Social Security Benefits Increase Soon: Here’s When They Arrive

Retired Americans who receive Social Security benefits will see adjusted checks soon.
Social Security Benefits Increase Soon: Here’s When They Arrive
Blank U.S. Treasury checks are run through a printer at the U.S. Treasury printing facility in Philadelphia, Pa., on July 18, 2011. (William Thomas Cain/Getty Images)
Jack Phillips
12/15/2023
Updated:
12/26/2023
0:00

Retired Americans who receive Social Security benefits and those who get Supplemental Security Income payments will soon see their benefits increase in just a few weeks.

The cost-of-living adjusted (COLA) Social Security payment will be sent out starting on Jan. 10, 2024, according to a schedule of payments.  Recipients with a birth date will get their payment on the first to the 10th of a month, the second group to get the payment are those born on the 11th to 20th of a month and will get them on Jan. 17, and the third group gets their payment on Jan. 24 if they’re born on the 21st to 31st.

Those who started getting Social Security payments prior to May 1997 have their payments distributed on Jan. 24.

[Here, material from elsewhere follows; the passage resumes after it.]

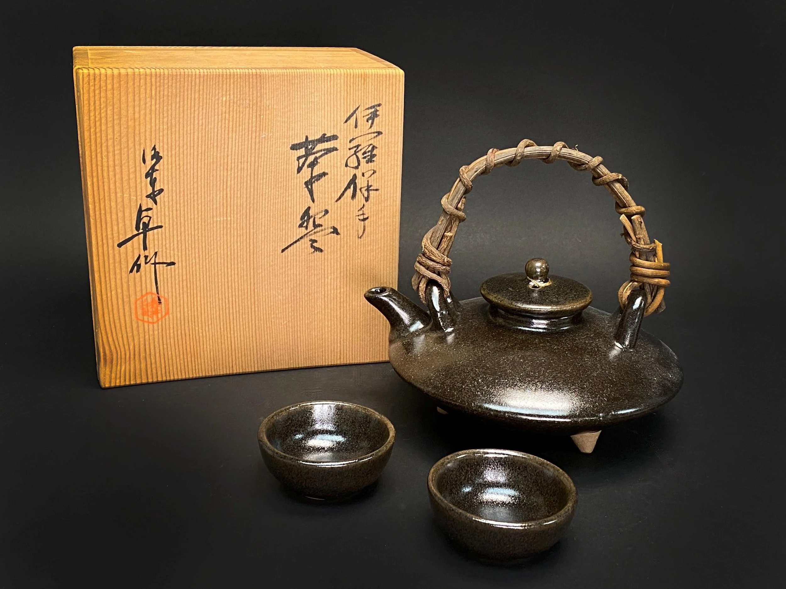 -Includes: 1 sake pot with kintsugi lid + 2 cups + original signed wood box

Recipients of SSI will see their first adjusted payment sent out on Dec. 29, 2023, according to the schedule. The payment is being sent in late December because Jan. 1 is a federal holiday, meaning that the government pays benefits on the first non-holiday weekday before a regular payment date.

Social Security recipients will see their payments increase by 3.2 percent in 2024, which was announced by the Social Security Administration (SSA) in October. The COLA is determined by the year-over-year inflation rate for July, August, and September of the same year.

The retirement benefits will increase by about $50 a month on average once the COLA goes into effect in January, according to the agency. The rate hike is significantly smaller than the 8.7 percent adjustment that was made for all of 2023’s Social Security and SSI payments—or the highest increase in about four decades.

Beneficiaries received a COLA increase of 5.9 percent in 2022. In 2021, recipients only got a 1.3 percent bump in payments.

For early retirees or those who retire before the full federal retirement age, the Social Security Administration deducts $1 from every $2 above a designated threshold. It will be raised to $22,320 from $21,240 starting in 2024.

The year an individual hits the full retirement age, the agency deducts $1 from every $3 earned above a second limit. Starting next year, that limit will increase from $56,520 to $59,520.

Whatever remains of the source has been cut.